2. AWS tools and resources

Streaming data processing requires two layers: a storage layer and a processing layer.

The storage layer needs to support record ordering and strong consistency to enable fast, inexpensive, and replayable reads and writes of large streams of data. The processing layer is responsible for consuming data from the storage layer, running computations on that data, and then notifying the storage layer to delete data that is no longer needed. [1]

Amazon Kinesisis a platform for streaming data on AWS, offering powerful services to make it easy to load and analyze streaming data. Amazon Kinesis Data Streams can continuously capture and store terabytes of data to power real-time data analysis. Amazon Kinesis Data Firehose can capture and automatically load streaming data into Amazon S3 and Amazon Redshift.

In this use case, we will be using a variety of AWS tools and resources including:

  • An EC2 instance to generate stimulated clickstream data

  • An Amazon Kinesis Data Streams to capture real-time clickstream data from EC2

  • An Amazon Kinesis Data Firehose to deliver streaming data to S3 bucket

  • An Amazon S3 bucket to persist the streaming data

3. Process & Architecture

As the data engineering team, we are responsible to build a scalable and durable streaming data delivery pipeline for the clickstream data use case.

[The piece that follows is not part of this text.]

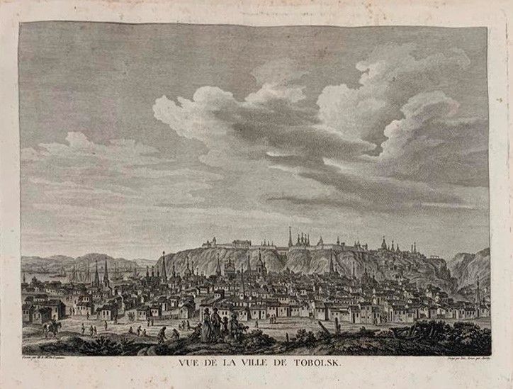 Russia - Siberia Album composito in formato in folio della metà del settecento, in apertura 5 tavole disegnate da de Nicolas Louis Lespinasse ed incise da Nee, firmate in lastra dagli autori, mm. 300 x 760, tra queste la veduta di Cazan, la Vue de la Ville de Catherinebourg, e la veduta di Kiakta, seguono 4 tavole su rame che raffigurano manufatti etnici, 5 tavole che ritraggono gli abitanti uomini e donne de Kazan, Armeni 'Astrakasn, Mongoli ed altri, 5 Plan tra cui la bataille & de la victoire remporteé par les Russes sur les Turcs commandés par le Grand Visir près de la riviere Kagul en Bessarabie, in fine tabelle dogonali, alcune anche ripiegate datate dal 1764 al 1769. Prima incisione con grande strappo, fioriture ed arrossature, qualche macchia legatura dell'epoca in mezza pelle con i piati rivestiti in carta, al dorso fregi in oro, difetti e mancanze.
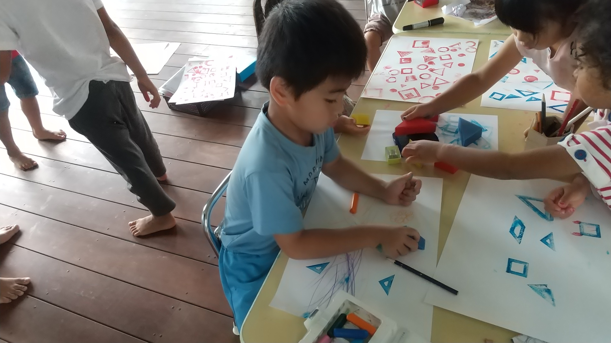 雨の日はテラスにて併設の前原どろんこ保育園の子どもたちとスタンプ遊びをしました。クレヨンを手に塗り遊んでいると、友達が絵の具をつけたスタンプを紙に押し付けて色が着くことを教えてくれ、鮮やかな作品ができあがりました。

We will first setup a Kinesis Data Streams to ingest the clickstream data generated by an EC2 instance. We will then create and configure a Kinesis Data Firehose delivery stream to connect to a Kinesis Data Stream. On the Kinesis Data Firehose, we will enable dynamic partitioning based on product categories (home products, food, etc.) and finally, we will configure destination settings for the Amazon S3 bucket.

4. Step-by-Step configuration & walkthrough

4.1 Stimulate clickstream data using Amazon EC2

  • In the Session Manager, stimulate a series of clickstream data on an EC2 instance that intimate real-world scenarios: streaming data coming from different devices for different product categories.
🔑 In the command shell, type in:

python3 clickstream_generator_items.py KinesisDataStreamName 1 1

💡Replace <KinesisDataStreamName> with targeted Data Stream Name in real-world cases.
  • We will then see the EC2 generate clickstream data from all product categories continuously:

4.2 Create a Kinesis Firehose delivery stream

With Kinesis Data Firehose, you are free from writing applications or managing resources and are able to quickly implement the ELT (Extract, Load, Transform) process in the GUI (Graphical User Interface).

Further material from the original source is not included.